= Collected data entries =

+++++

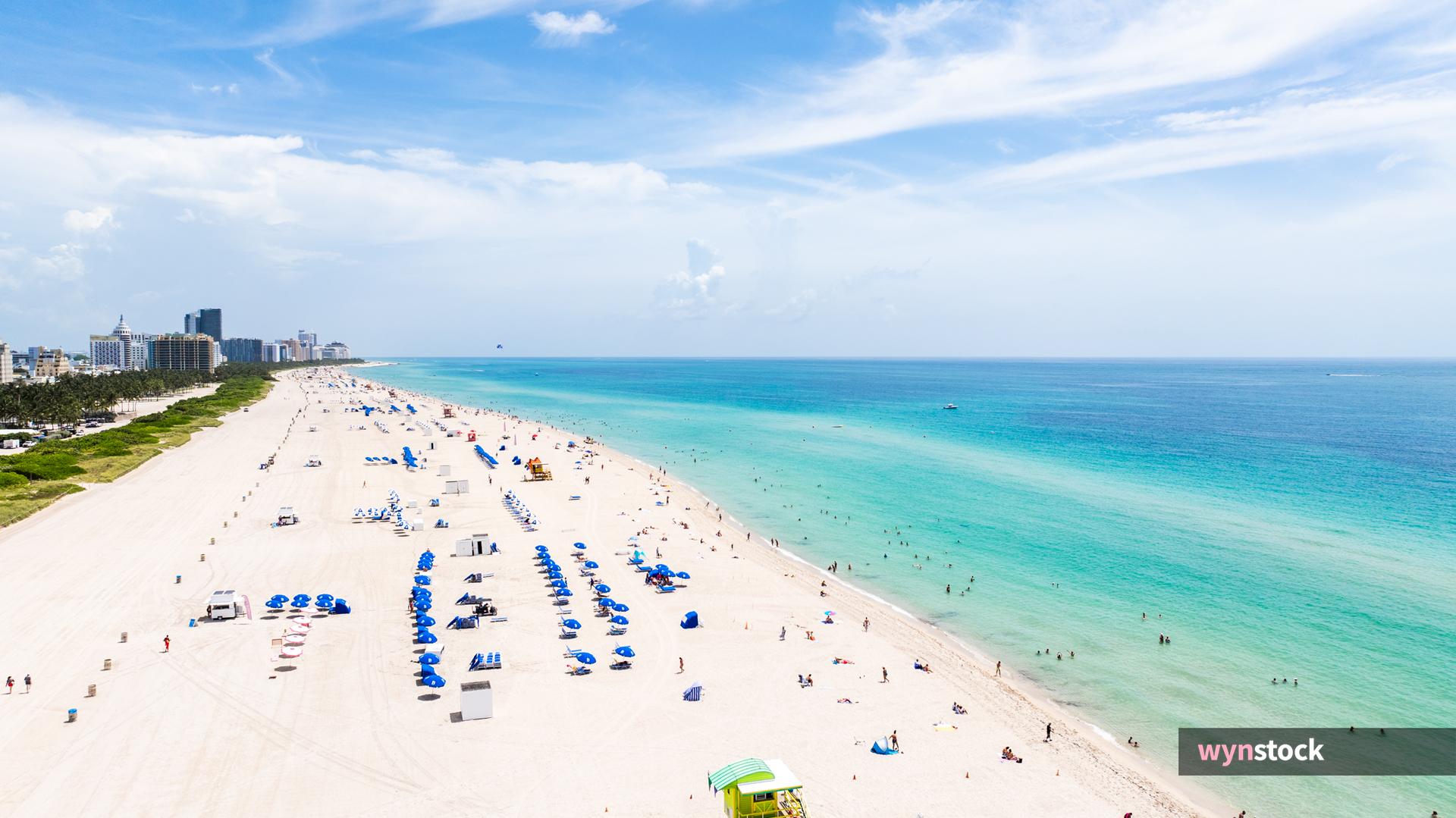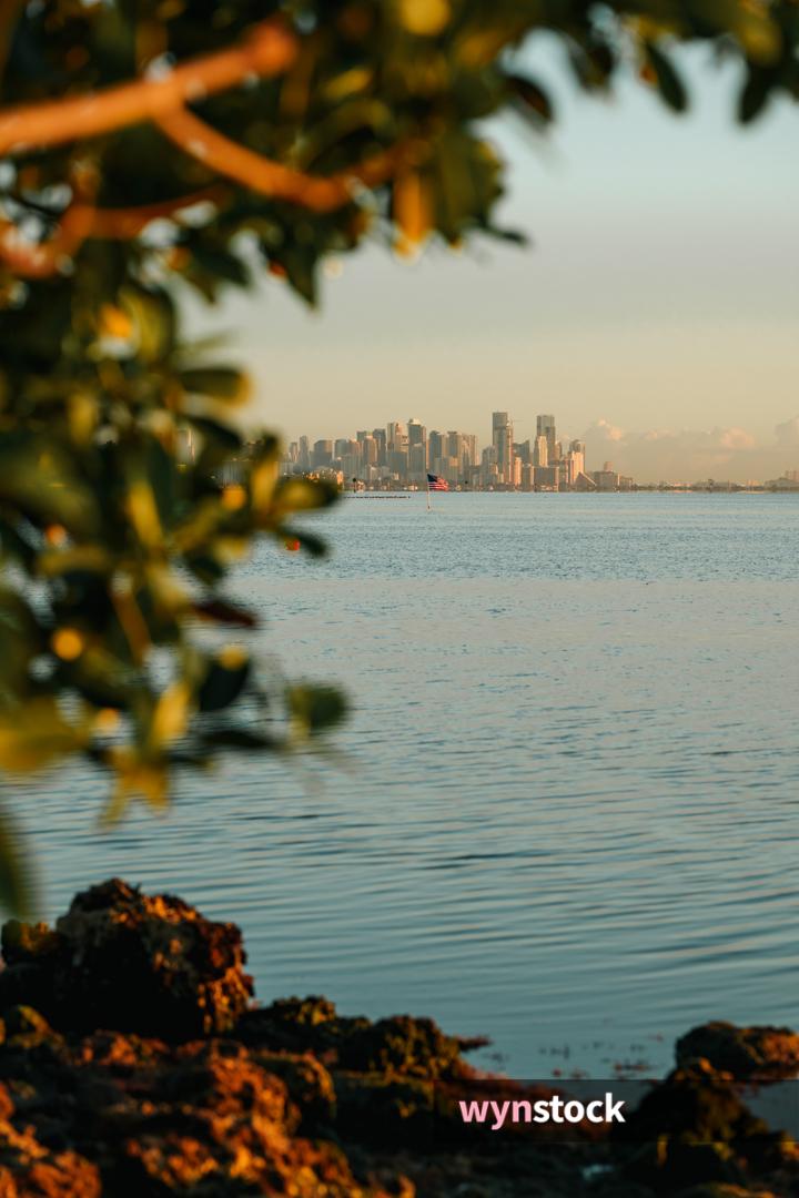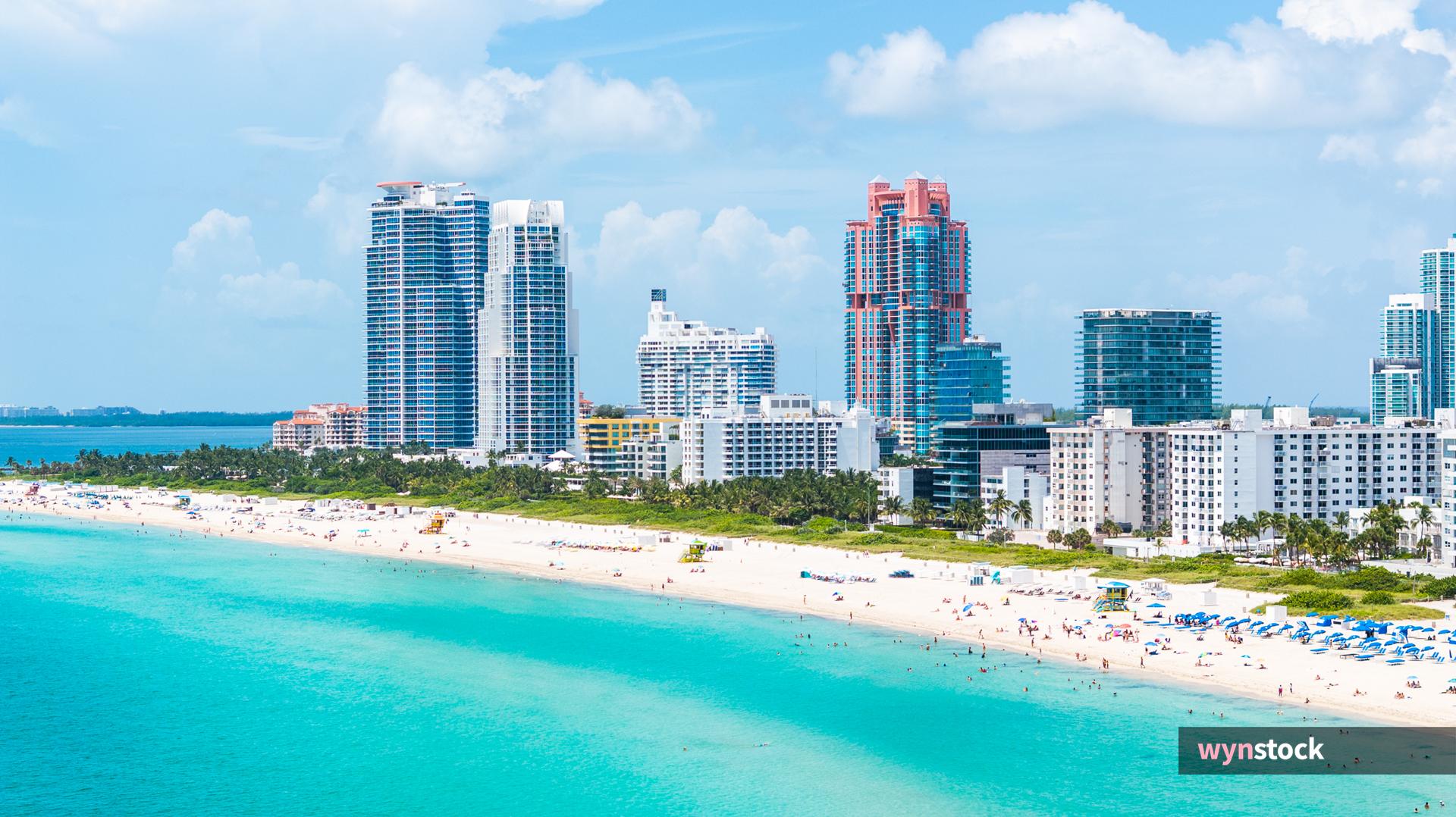 Try: golden hour aerial · art deco architecture · palm trees beach · sunset biscayne bay
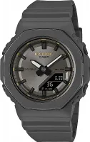 Женские часы GMA-P2126W-8A. В составе корпуса и ремешка — биопластик, который изготавливается из возобновляемых органических ресурсов. Противоударный корпус защищает механизм от ударов и вибрации. Двойная подcветка: циферблат и ЖК-дисплеи подсвечиваются светодиодом, благодаря наличию функции задержки, после отпускания кнопки освещение горит еще несколько секунд. Настраиваемое послесвечение 1,5 или 3сек. Цвет подсветки: белый. Необритовое светонакопительное покрытие обеспечивает длительное послесвечение в темноте даже после кратковременного нахождения на свету. 12-ти и 24-х часовой формат времени. Секундомер с двумя точностями показаний: 1/100с (до 1ч) и 1с (после 1ч) и временем измерения 24ч. Таймер обратного отсчета от 1с до 24ч. Мировое время – 48 городов (31 часовой пояс), всемирное координированное время (UTC). Функция включения/отключения летнего времени. Функции отключения/включения звука и перемещения стрелок для беспрепятственного просмотра информации на цифровом дисплее. 5 будильников, ежечасный сигнал. Автоматический календарь до 2099 года. Циферблат с метками в виде штрихов выполнен по технологии Sunray (солнечные лучи). Батарейка рассчитана на 3 года. Стальная задняя крышка крепится на 4-х винтах. Ремешок с классической застежкой.
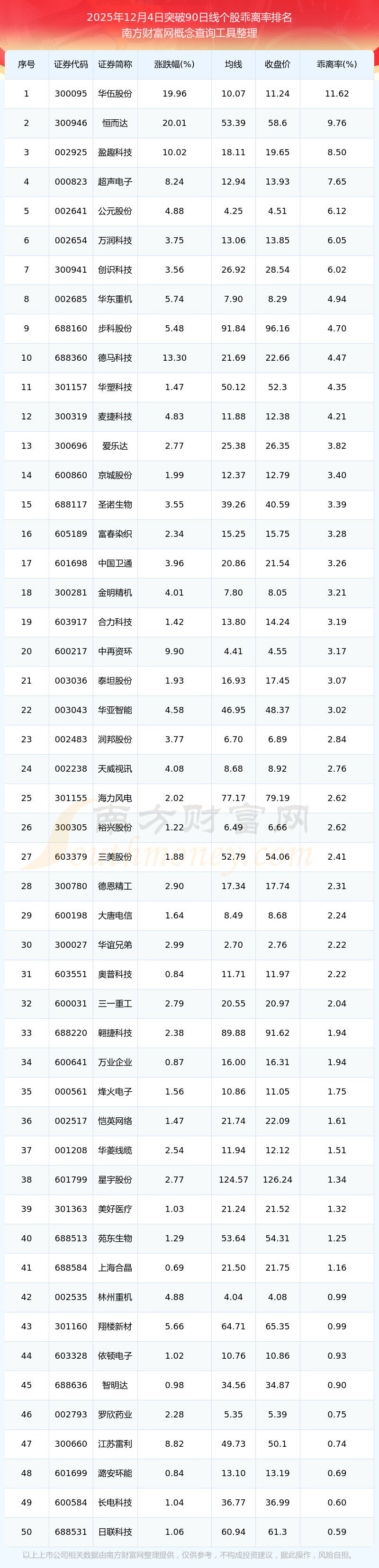 根据南方财富网概念查询工具数据统计,截止2025年12月4日收盘,共有66只个股收盘价向上突破了90日线,其中乖离率较大的个股有华伍股份、恒而达、盈趣科技、超声电子、公元股份等,乖离率分别为11.62%、9.76%、8.50%、7.65%、6.12%。
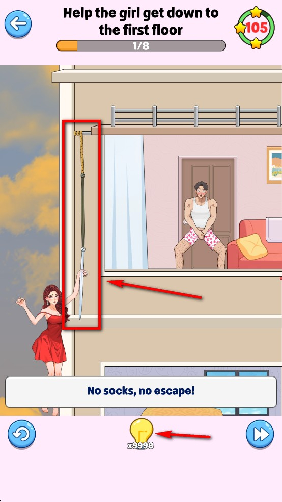 如图不断地延长最后让女友安全落地,如果不知道下一步该怎么办了可以点击灯泡获得提示。
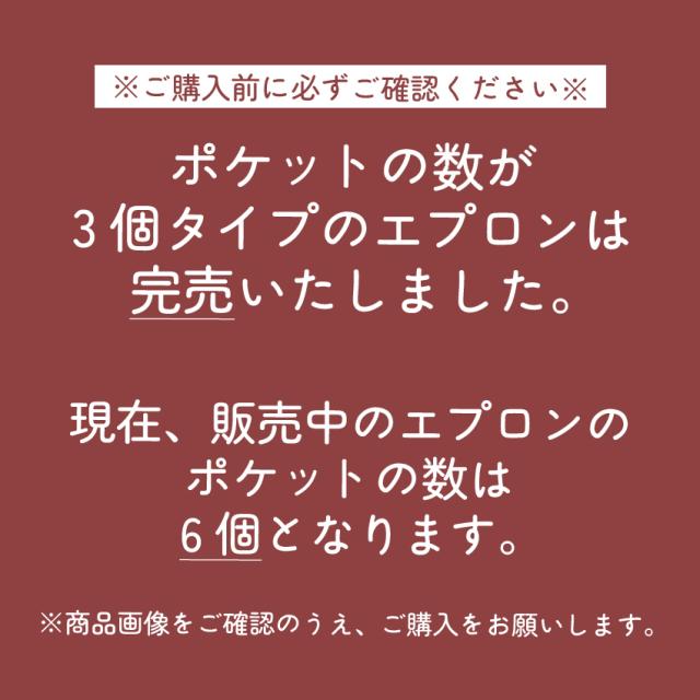 ポケットの数が3個タイプのエプロンは完売いたしました。
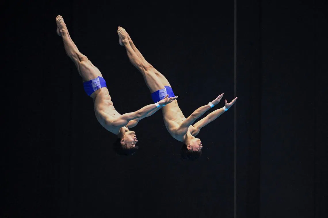South Korea's Kim Yeong-taek and Yi Jaeg-yeong competing in the preliminary of the men's 10m synchronised diving event during the World Aquatics Championships in Fukuoka, Japan, on July 17.
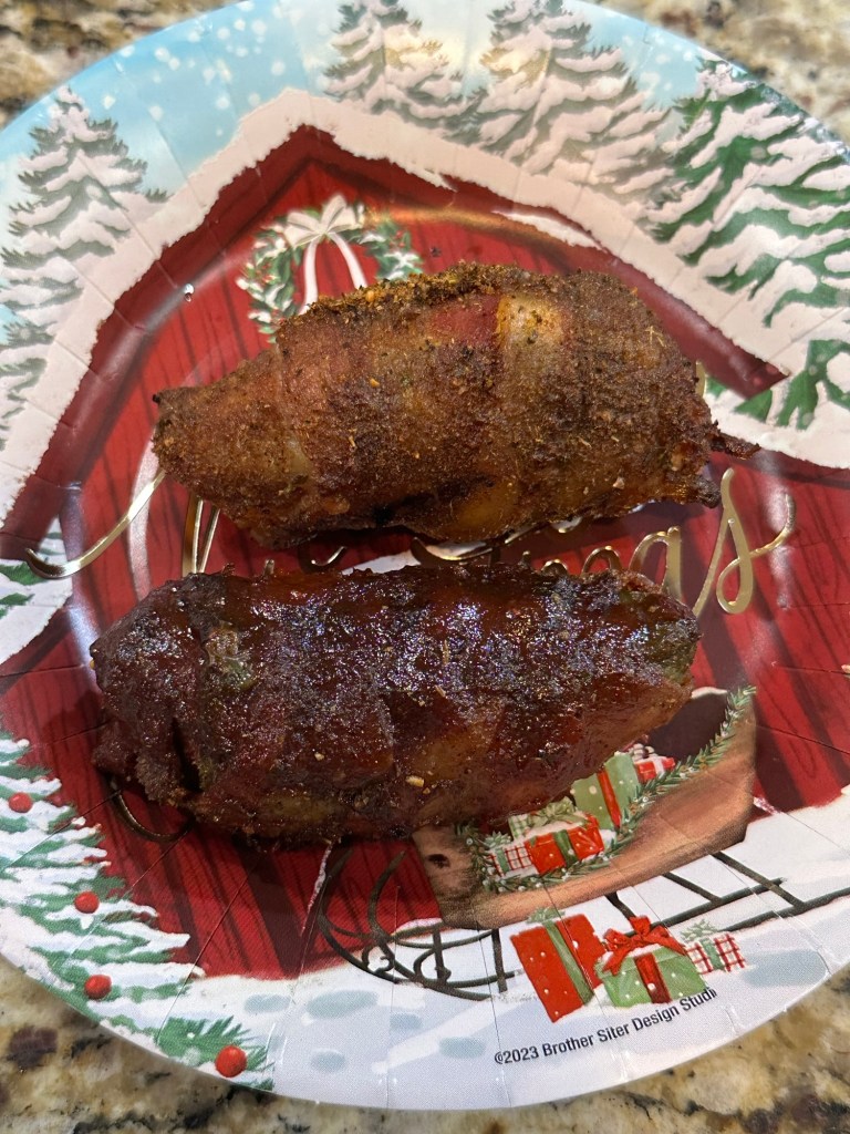 We tried some with and without BBQ sauce. The ones with BBQ sauce were really good because that 10 minutes caramelized the sauce and took them to the next level. We used Famous Dave’s Devil Spit.

+++++

= ACTIVITY =
The copy should begin at the line containing "South Korea's Kim" and end at the last line of the data above; please restate those lines word for word without the pictures.

= ANSWER BOX =
South Korea's Kim Yeong-taek and Yi Jaeg-yeong competing in the preliminary of the men's 10m synchronised diving event during the World Aquatics Championships in Fukuoka, Japan, on July 17.
 We tried some with and without BBQ sauce. The ones with BBQ sauce were really good because that 10 minutes caramelized the sauce and took them to the next level. We used Famous Dave’s Devil Spit.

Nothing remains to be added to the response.